Once the existing chapters have all been re-posted (which should be within the next week), I will continue with new updates on a (hopefully!) regular basis.

All my love, E.T. xxx


Rose Weasley was tired – tired, filthy and utterly fed up.

Her evening in the Forbidden Forest had not been without its highlights. Fifteen minutes spent hiding in an Absynnian shrivelfig bushel because Oliver Flint had sworn he'd heard hooting had been a particular favourite, but now she'd had quite enough.

It was nights like these - she grimaced as she wiped a smear of shrivelfig sap from her cheek - that made Rose wonder if her endless pursuit of academic excellence was really worth it.

Earlier that same evening, Professor Patil had called Rose into her office, a knowing smile on those infamously stern features and Rose's latest Charms essay on the desk. It had been obvious as soon as she'd read the first paragraph that the young Miss Weasley had gone above and beyond with her recent assignment.

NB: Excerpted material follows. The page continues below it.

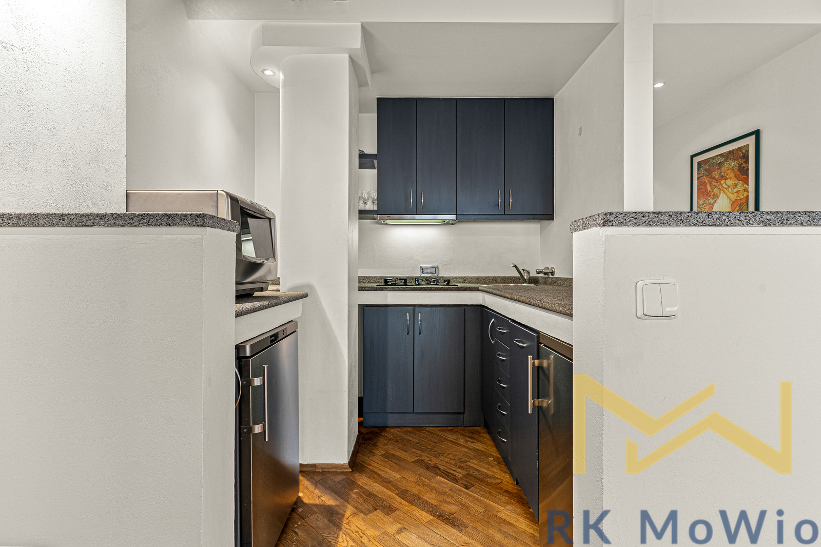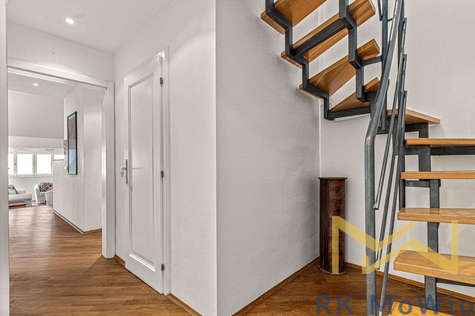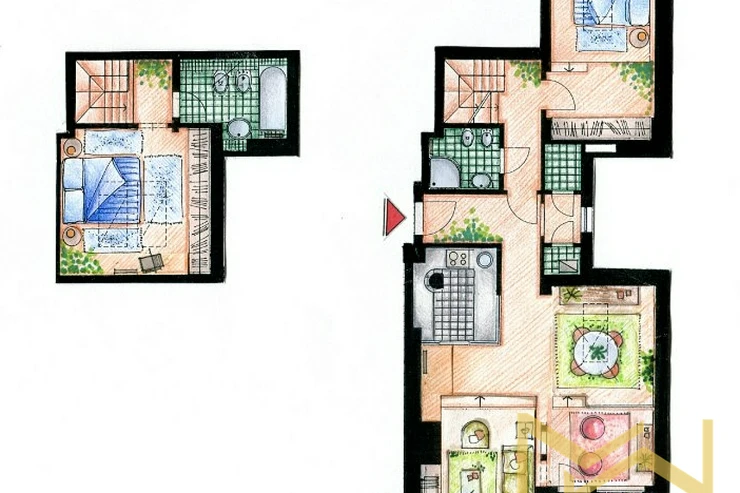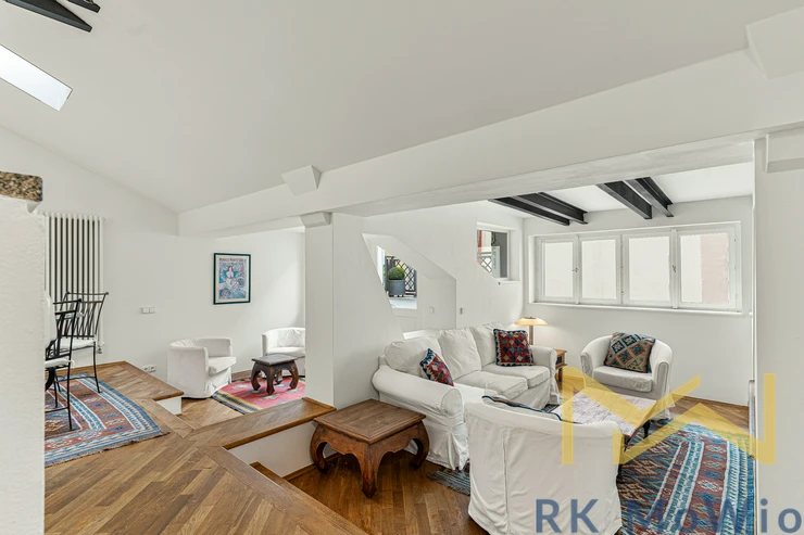 The lower level of the apartment features an entrance hall, an airy living room with skylights and original details, a dining area with access to the balcony, a kitchenette, one bedroom with a walk-through closet, a bathroom (with a shower, sink, bidet and toilet) and two storage rooms. The upper level includes the master bedroom and an additional bathroom (with a bathtub, sink, bidet and toilet). Apartment amenities include a fully equipped kitchen with a refrigerator/freezer, gas cooktop, hood, dishwasher, electric and microwave oven; built-in wardrobes, connections for a washer and dryer, high-speed internet readiness, wooden floors and tiles. Photos are for illustrative purposes only.

And maybe it had been wrong, Rose thought crossly as Flint muttered to himself beside her, to break into the restricted section after curfew for that last crucial piece of research. But then again, Professor Patil had still given her that all important grade. There'd been no denying that her essay had been an academic masterpiece, the likes of which had never been seen from any other sixth year.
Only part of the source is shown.